After graduating, I had some time between some seasonal jobs to volunteer at Warner Nature Center. When a naturalist job opened up at Warner, I applied and got it. I am convinced I got the job because of my volunteering there. I served as a Naturalist for 14 years prior to becoming the Director for another 16 years. For the last five years I have returned to volunteering there.
Q: Is there one advancement in scientific knowledge or something you learned about the great outdoors, during your time at Warner Nature Center, that came as a complete surprise to you --that stands out?

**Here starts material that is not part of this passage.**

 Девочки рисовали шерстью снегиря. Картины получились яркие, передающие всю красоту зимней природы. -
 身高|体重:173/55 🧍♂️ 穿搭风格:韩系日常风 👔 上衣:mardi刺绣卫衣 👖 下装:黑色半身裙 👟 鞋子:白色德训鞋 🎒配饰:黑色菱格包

Two things stand out: First the complete realization that there is likely no more important work in the world than getting kids outdoors to fall in love with the natural world. ALL other jobs and economies absolutely depend on the integrity of healthy natural systems. And these systems provide their services at NO COST to us.
Secondly, in recent years it has been documented that exposing kids as young as 3 to 5 years old to natural areas in the outdoors results in healthier children and plays a major role in developing innovation, creativity, cooperation and better health.
See for yourself Warner Nature Center is outside of Marine on St Croix. Keep south on Highway 95, and shortly you will turn west onto Norell Avenue, the center address is 15375 Norell. Sunday, October 6 the day starts at 1 p.m. and runs to 5 p.m. Admission is no charge, but a suggested donation is $10 per vehicle.